The reason I did not try to summarise the video is that it packs a huge amount in. So even omitting 90% of it entirely, just picking out the 10% which I found most interesting (and which might not be the most interesting to Piggy) would still be a long job of summary. Far easier for anyone to just start watching the first 15 min. and see if you think it's leading to some interesting things.

However, .... what I found most interesting in the video was Carriers explanation of how in the time leading up to Christianity, say roughly the DSS period of circa.200BC to 70AD, traditional Jewish OT beliefs in that region were becoming more and more influenced by, and mixed with, Hellenistic beliefs in "Mystery" religions where the believers choose to join a particular religious movement rather than being born into it, and where different stages of initiation lead to increasing revelations about what the truth of God was actually supposed to be. That was the start of the interesting part, though it's so far stuff we all know .... however,...

... he then proceeds to explain, with references, how this mixing of Hellenistic Mystery beliefs also brought with it the ideas of Euhemerism, whereby the faithful interpreted their existing belief in gods of various types, such as the prophesised messiah of the ancient Jewish OT going back to 600BC, and proclaimed those existing beliefs of gods, messiahs, angels, devils etc., to be real living beings and not just beliefs, by a process of believing that their dreams or imaginings or visions of their ancient gods were in themselves actual proof that the visions were really happening on earth.

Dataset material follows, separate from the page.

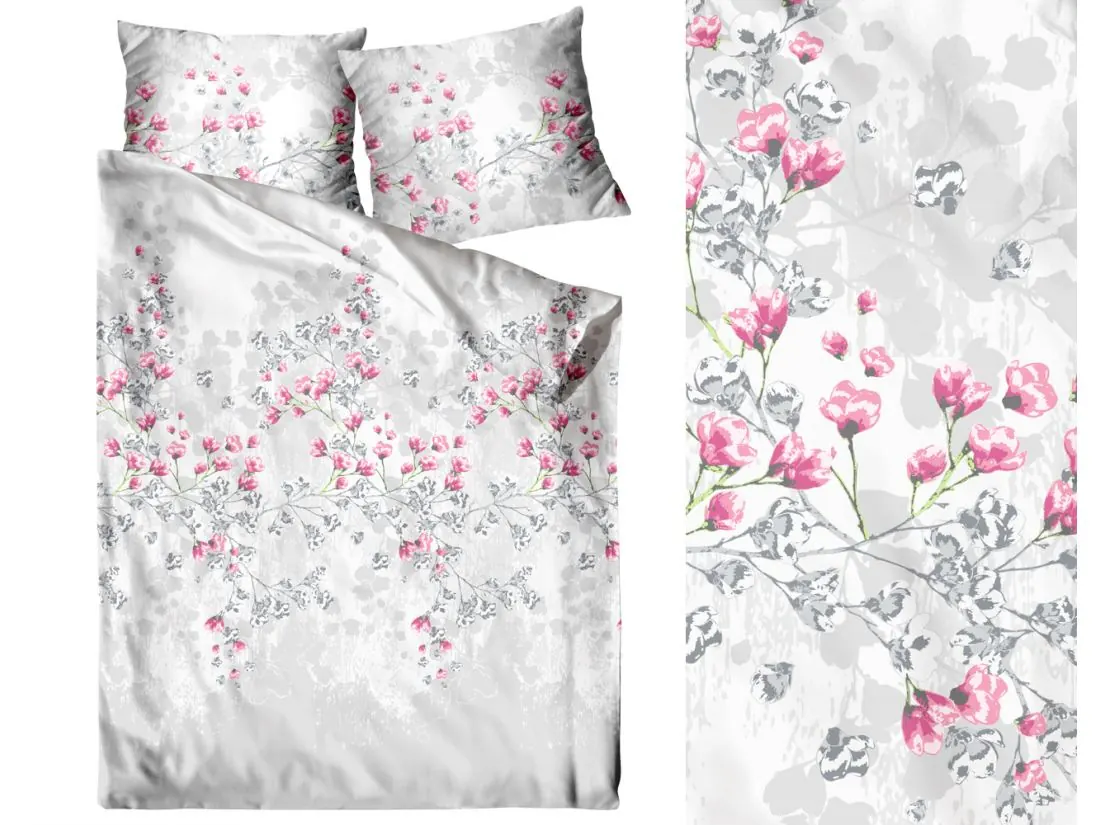 Pościel satynowa 160x200+2/70x80 kyoto gray frotex kwiatuszki

IOW - if you had some sort of imagined vision in which you imagined the promised messiah to be performing a miracle of some kind, then that became actual reality simply because that was gods way of communicating the reality and truth of the messiah to men on earth, AND in the telling of that truth of the vision, the story would be given a realistic setting in the local region. So for example, a dream of Jesus performing a miracle, would then be told with a realistic setting of it happening in a real place with real people as witnesses.

This was not thought to be a fraud or make-believe of any kind, but actually thought to be the correct way to tell of the communicated visions from God.

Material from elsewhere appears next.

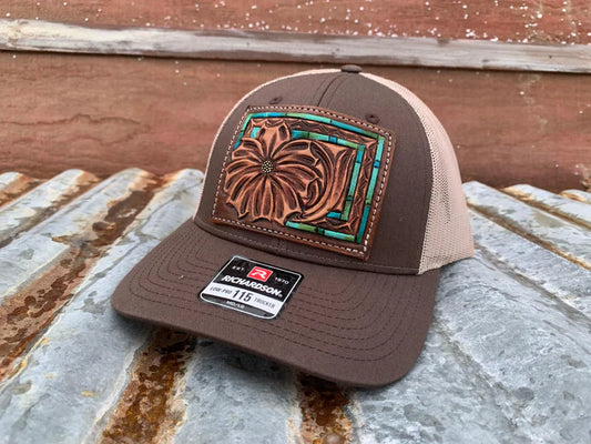 The Rodeo Rose Daisy Handtooled Leather Patch Cap with Turquoise Southwestern Border

Now, Carrier says that all of that is in fact fully supported by the academic literature and can be fully and convincingly referenced. He gives a number of such referenced sources in the video, and the rest are said to be the subject of the imminent book.

But, be that as it may. What carrier did not mention, is that the above description of Euhemerising dreams into real events in real settings, is very similar indeed to what has already been apparently discovered in the Dead Sea Scrolls (DSS). This is something I described to you many pages back, if you recall.

In the DSS, the religious community of so-called Essenes, in that precise same region as the later Christians, were apparently practicing precisely that sort of dream-reality interpretation in the period circa.170BC through to 70AD. That is, apparently, quite clearly shown in the translations of the DSS.

So what you had with that DSS community, which looks very much like what could be called a "proto-Christian" sect., was the practice of deliberately and constantly imagining visions of their OT religious prophecies and beliefs, and then interpreting those visions as absolutely real events where the imagined "god" was placed on earth as a real living figure in a real local setting amongst real local people and events.

IOW - they were deliberately mixing up fact and dream-like fictions, precisely because they thought that the dreams were gods way of revealing literal truth. So to the DSS sect, their religious dreams were actually more real than any actual reality, because the dreams were revelations from God himself.

So in summary -what’s interesting in what Carrier says, is that he says this practice of deliberately Euhemerising dreams into reality, is actually fully supported by many references in the pre-Christian literature, and it took hold mainly as a result of the Jewish OT religion becoming increasingly mixed with Hellenistic mystery religions of the time.